Get an accurate account of the musculoskeletal problem. Ask the patient if it has caused him to change his everyday routine. When did symptoms begin and how did they progress? Has the patient received treatment for this problem? If he’s experienced trauma, find out how he was hurt.

Assess the level of pain. Is the patient in pain at the moment? Ask what makes the discomfort worse or better (movement, position, and so forth). Evaluate past and present responses to treatment. For instance, if the patient has arthritis and uses corticosteroids, ask him about their effectiveness. Does he require more or less medication than before? Did he comply with the prescribed treatment?

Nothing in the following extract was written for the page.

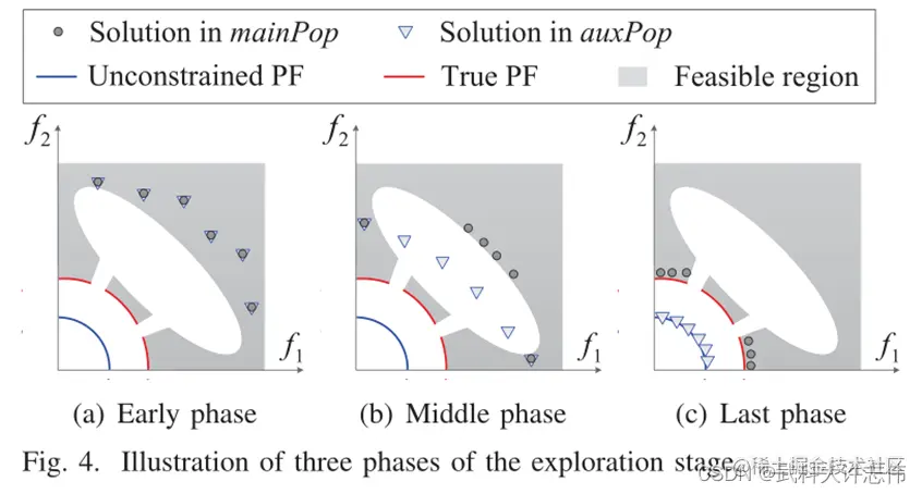 - 在探索阶段,mainPop 旨在寻找可行区域并保存可行的解决方案;而 auxPop 在不考虑任何约束的情况下探索整个搜索空间,并保留具有良好目标值的解决方案,无论可行性如何。在这个阶段,auxPop 是前向搜索的主力,引导 mainPop 穿过不可行区域。

The physical examination helps to determine the diagnosis and reveals any existing disabilities. (These baseline data will help when the effects of treatment are evaluated.) Observe the patient’s appearance. Look for localized edema, pigmentation, redness and tenderness at pressure points, and other deformities such as atrophy. Note mobility, strength, and gait. To check range of motion, ask the patient to abduct, adduct, or flex the muscles in question. Obtain height, weight, and vital signs. Check neurovascular status, including motion sensation and circulation. Measure and record discrepancies in muscle circumference or leg length. Compare one side or limb to the other. If a neck injury is suspected, don’t force range of motion.


  • X-rays are a useful diagnostic tool to evaluate musculoskeletal diseases. They can help to
    identify joint disruption, bone deformities, calcifications, and bone destruction and fractures. X-rays also measure bone density.

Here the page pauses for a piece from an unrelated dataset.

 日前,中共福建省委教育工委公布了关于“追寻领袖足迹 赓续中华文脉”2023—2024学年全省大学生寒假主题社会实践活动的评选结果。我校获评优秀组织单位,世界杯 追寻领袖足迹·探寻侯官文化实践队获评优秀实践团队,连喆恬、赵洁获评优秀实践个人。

  • Myelography is an invasive procedure used to evaluate abnormalities of the spinal canal and cord. It entails injection of a radiopaque contrast medium into the subarachnoid space of the spine. Serial X-rays visualize the progress of the contrast medium as it passes through the subarachnoid space. Displacement of the medium indicates a space-occupying lesion, such as a herniated disk or a tumor.

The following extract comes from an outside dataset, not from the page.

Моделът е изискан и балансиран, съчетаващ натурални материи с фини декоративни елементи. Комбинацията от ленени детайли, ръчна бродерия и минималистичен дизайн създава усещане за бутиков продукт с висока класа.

  • Magnetic resonance imaging is useful in evaluating soft-tissue injuries or ligament tears, such as rotator cuff tears or meniscal tears.

  • Computed tomography scan can be used to identify injuries to bones, soft tissue, ligaments, tendons, and muscles.

  • Arthroscopy is the visual examination of the interior of a joint with a fiber-optic endoscope.

Other useful tests include bone and muscle biopsies, electromyography, microscopic examination of synovial fluid, and multiple laboratory studies of urine and blood to identify systemic abnormalities.


Each patient with musculoskeletal disease needs an individual care plan formulated early in his hospital stay by the entire clinical team, including the physician, physical therapist, and occupational therapist. Develop this plan with short- and long-term goals, during and after hospitalization.

Caring for the patient with a musculoskeletal disease usually includes at least one of the following: traction, casts, braces, splints, crutches, intermittent range-of-motion devices, prolonged immobilization, physical therapy, occupational therapy, and self-care measures; adequate vitamin D intake, weight loss, dietary modifications, and drugs.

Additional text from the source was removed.